North Pole: Another plane grounded; Skiers finish treks UPDATED

Russian kids stranded at Ice Camp

(Correne Coetzer)

[Updated April 27, 2016, 10:25 EDT to reflect position of Russian kids]

The 2016 North Pole season is nearing its end. As last year, no one skied a full distance (land to Pole, or reverse). Longest distance skied is two degree of latitude (220 km), only by one team. The rest covered shorter distances.

Grounded Russian plane and kids

This season was dominated by the Norwegian authorities who grounded several Antonov-74 flights to and from Longyearbyen, reportedly because a Svalbard reporter “found a threat to national security in our conventional activities,” reported the Barneo team three days ago. “On these grounds the Norwegian authorities made the transportation rules much more rigorous: apart from normal permission request 48 hours before the flight (what we’ve been always performing punctually), they now require detailed list of passengers and cargo to be submitted 48 hours before.”

No end yet. Yesterday Explorersweb/Pythom was informed that another flight has been grounded, a plane from Moscow to Svalbard to pick up, among others, the Russian teenage team, guided by Matvey Shparo. Three hours before the plane was scheduled to take off from Moscow, the Norwegians revoked the previously granted permission to land in Longyearbyen, Galya Morrell told us. “At this very moment we are writing a letter and calling to Kjerstin Askholt, the sysselmann of Svalbard trying to help to reach a compromise.”

On a question about the details of the flight, Galya told us today, “The problem was with the flight in general: both ways – from Moscow to LYB (the big plane of Gazpromavia – they normally fly with TU-154M) and then by AN-74 to Barneo and back. It all has to do with Chechen big time show on the Pole. After that – reasonably – the Norwegians increased the scrutiny of the flights and passengers so the lists of passengers have now to be submitted 48 hours ahead. Irina Orlova has submitted the list for extra 14 people to leave Barneo on Friday, but no one looked at it over the weekend – naturally. All those people already have been checked (otherwise they would have never ended at Barneo in the first place.)”

Matvey and his 9th yearly young team reached the April 24th, at 23:55 Moscow Time. Just in time, as the weather forecast for the region is reportedly unfavorable, with a cyclone on its way. As far as we know, the Russian kids are still grounded at Barneo.

[Updated April 27, 2016, 10:25 EDT to reflect position of Russian kids. Gayla Morrell reported to Explorersweb/Pythom, a compromise has been reached, “the new permission has been finally granted and the team of 7 kids guided by Matvey Shparo was picked up on the Pole and brought back to Barneo – LYB – and finally to Moscow. I just spent about 2 hours with the children talking through the details of their journey – it’s a really amazing stuff!”]

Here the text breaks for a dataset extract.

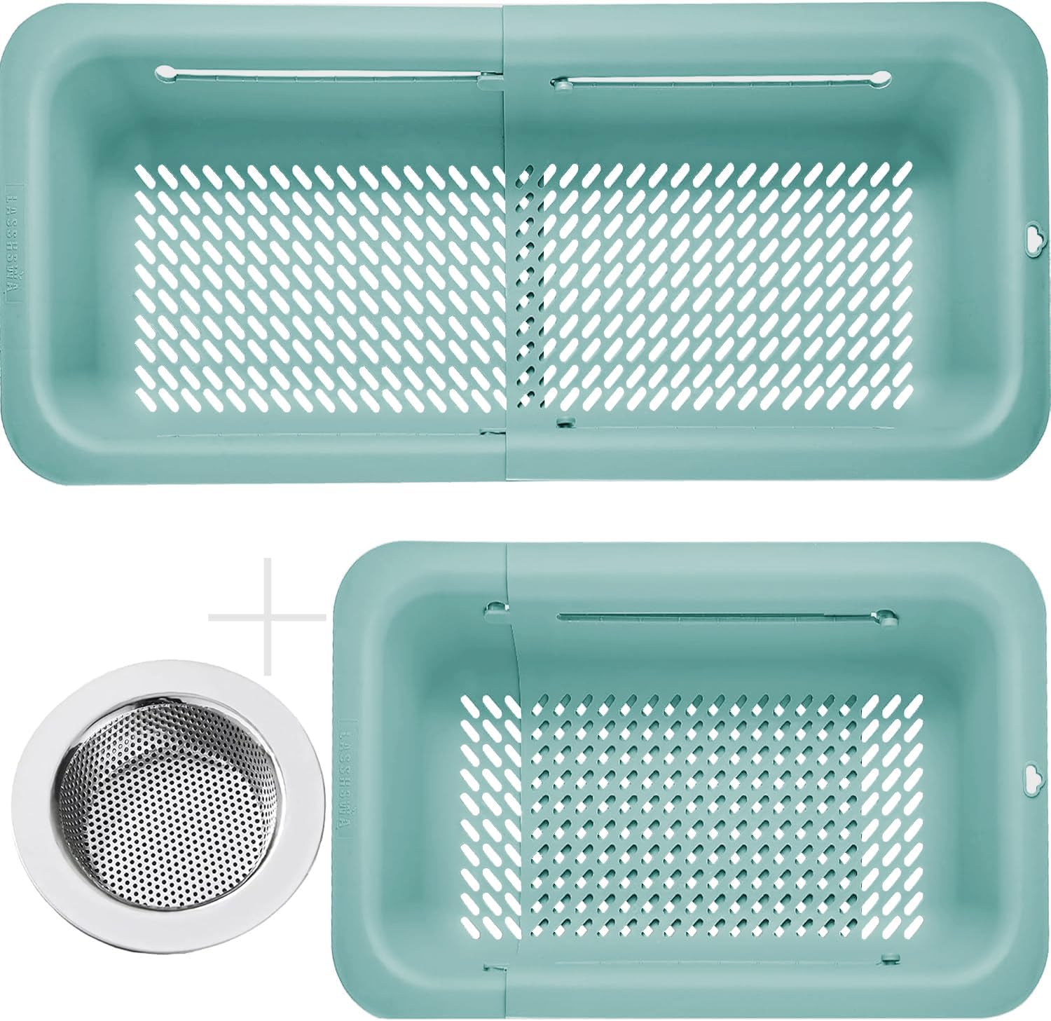 - Over the sink extendable strainer, SIZE: 13-19 in (smaller space-saving design) . Stainless steel drain strainer, SIZE: Outer diameter: 4.5”; inner filter: 3”; depth: 1” . They fit for most kitchen sinks and drains.

Ski teams on the ice this season

The UK Trio, Paul Vicary, Mark Langridge and Mark Wood, who planned to do a no-resupply reverse full route, from the North Pole to Ward Hunt Island, Canada completed their 220 km to the Pole in 13 days; instead of 775 km in their planned 35 days. Their original plan was thwarted by the runway that broke several times and delayed their start too late in the season.

Other guides were Matvey Shparo, Bengt Rotmo, Eric Philips, Eric Larsen, Audun Tholfsen, Dixie Dansercoer, Ola Skinnarmo, José Naranja, Inge Solheim, Keith Heger and Sun Bin.

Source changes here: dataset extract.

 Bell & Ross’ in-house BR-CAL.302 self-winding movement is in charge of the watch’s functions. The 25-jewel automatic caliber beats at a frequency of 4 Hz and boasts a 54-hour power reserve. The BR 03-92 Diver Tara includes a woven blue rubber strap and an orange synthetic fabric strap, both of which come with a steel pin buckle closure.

This season, many kids had the privilege to be at the North Pole. Apart from the Shparo teenager team, other Russian kids flew in under guidance of Anastasia Kuznetsova, a guide for Aleksander Abramov’s 7Summits Club.

Eric Philips was guiding 14 year old Australian, Jade Hameister, the last 150 km to the Pole. Also in the team were her father, Paul, and Norwegian polar explorer and cameraman, Petter Nyquist. Eric plans to guide Jade, her dad and two other people on a new route to the South Pole at the end of the year.

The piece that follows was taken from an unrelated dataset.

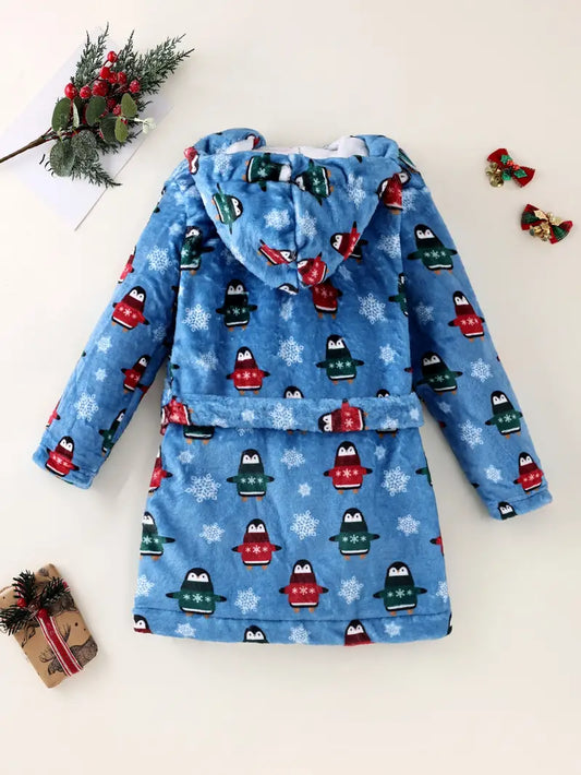 Peignoir de Bain Enfant Polaire avec Imprimée Pingouins

Latest Barneo Ice Camp data, April 25

Coordinates: N 89º01 E 027º07

Weather: morning clear, windless, – 20ºC, in the afternoon overcast, -12ºC snow.

Barneo is a drifting ice base in the Arctic, which is annually established under the aegis of the Russian Geographical Society expedition center “Polyus” Russian Association of Polar Explorers.

The tent camp that is built every year, serves as a base camp for skiers, tourists, runners and scientists. Every March/April, the camp is built on a suitable ice floe inside 89 degrees North. Primarily the ice floe should be suitable to build a runway of at least 1200m long for an Antonov-74 to land from Longyearbyen, Svalbard. They, therefore, need a floe of at least 2km long and at east 40 meters away from the nearest open water (lead).

The town of Longyearbyen is situated on the biggest Island of the Svalbard archipelago, Spitsbergen, inside the Arctic Circle, and under Norwegian rule. Svalbard had a total of 2,654 residents on January 1, 2016.

The Geographic North Pole is at 90 degrees North.

A degree of latitude is 110 km / 70 miles / 60 nautical miles.

Follow updates in the Daily Dispatch Streams of skiers, Barneo and more on Explorersweb and (teams with RSS blog feeds).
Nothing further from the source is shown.